Therefore, the building of a strong morphable face model is essential for the difficult task of 3D
face recognition. However, adding data to a morphable model increases the computation costs
for both model fitting and face comparison. Therefore, we developed an automatic redundancy
check, which discriminates between new face data to add to the model and redundant face
data to reject. On the basis of the initial 16 scans, we selected a residual error threshold for the
automatic redundancy check. Then, we applied our bootstrapping algorithm to 277 UND scans.
Our bootstrapping algorithm successfully established full correspondence between these scans
and the initial morphable model, and selected 35 persons that were new to the model.

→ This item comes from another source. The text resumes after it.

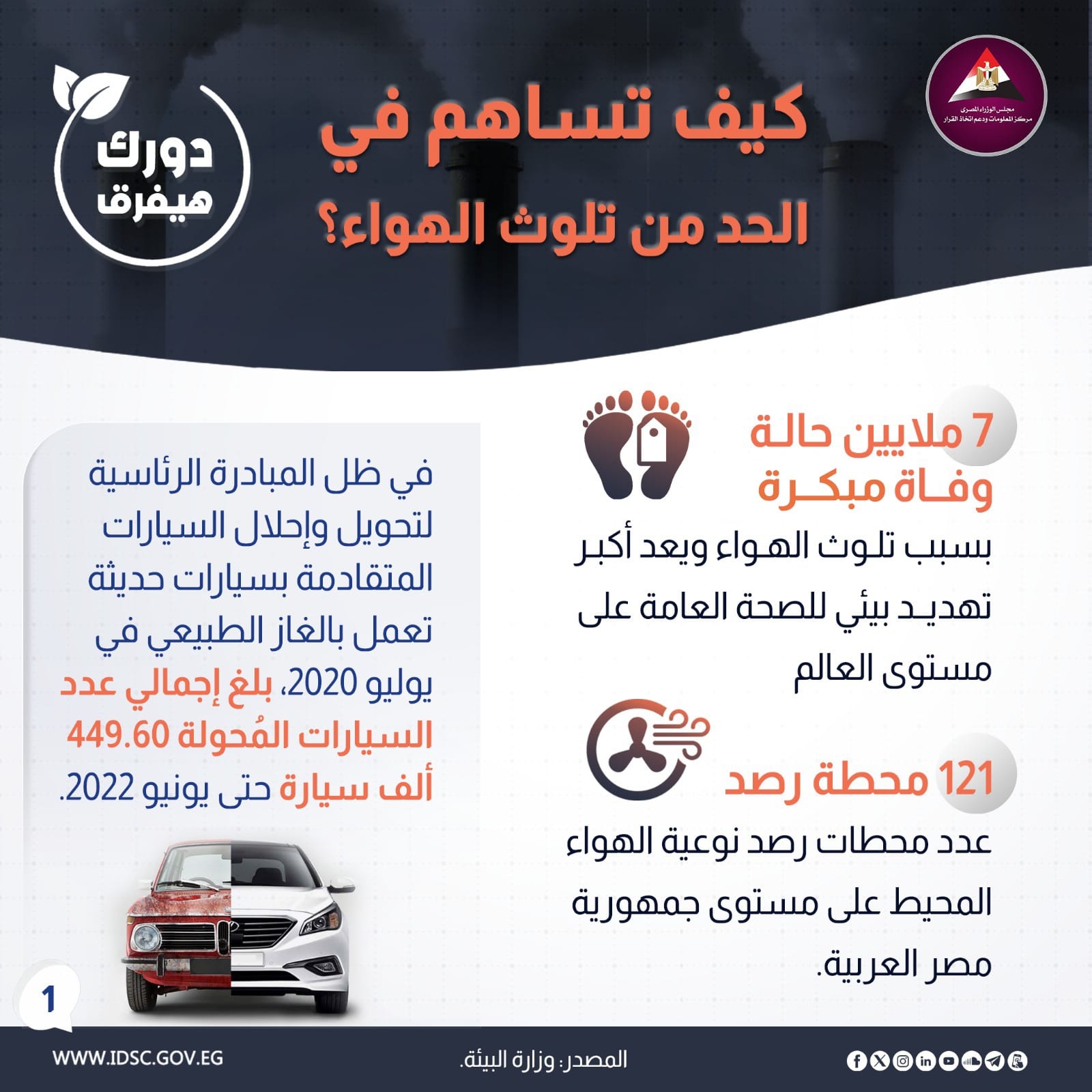 وأفاد معلومات الوزراء، خلال انفوجراف، عبر صفحته الرسمية على فيس بوك، بأن هناك 121 محطة رصد لنوعية الهواء المحيط على مستوى جمهورية مصر العربية، مضيفا أنه في ظل المبادرة الرئاسية لتحويل وإحلال السيارات المتقادمة بسيارات حديثة تعمل بالغاز الطبيعي في يوليو 2020، بلغ إجمالي عدد السيارات المحولة 449.60 ألف سيارة حتى يونيو 2022.

With our new bootstrapping algorithm, we are able to successfully update an initial face
model, which we use to produce more accurate fits to new scan data. The algorithm is fully
automatic, reuses initial face statistics, checks for redundancy, and retains the full correspon-
dence even in case of noisy scan data with holes. The algorithm successfully enhances the
neutral morphable face model with new (close to) neutral face scans. It should also apply to,
for instance, a surprised face model and surprised scans, but not to a neutral face model and
surprised scans. To establish correspondences among face scans with different expressions,
new automatic algorithms are required.
Face matching using facial contours shows higher recognition rates on the basis the multiple
component fits than for the single component fits. This means that the obtained 3D geometry
after fitting multiple components has a higher accuracy. Our face modeling approach in
combination with the three selected contour curves achieves 98% RR on the UND set. The
obtained model coefficient that were used to produce the accurate face instances, turned out
to have the highest performance. With the use of four components, we achieve 100% correct
identification for 876 queries in the UND face set, 98% for 244 queries in the GAVAB face
set, and 98% for 700 queries in the BU-3DFE face set. These high recognition rates based
on normalized coefficient vectors proves that our model-fitting method successfully fits the
morphable face model consistently to scan data with varying poses and expressions.
Exercises
1.
The pose normalization based on fitting a coarse nose template fails when a scan is made
from the side (such that half the nose is occluded), or when the scanning range is not right
(such that the nose is not scanned). (a) Think of a way to detect such cases. (b) Develop an
alternative way for pose normalization that does not suffer from such cases.
2.
When a morphable model is fitted to a frontal face scan, the resulting weight values are
not well commensurable to the weight values resulting from fitting a morphable model to
a side face scan. Invent a strategy to cope with this situation.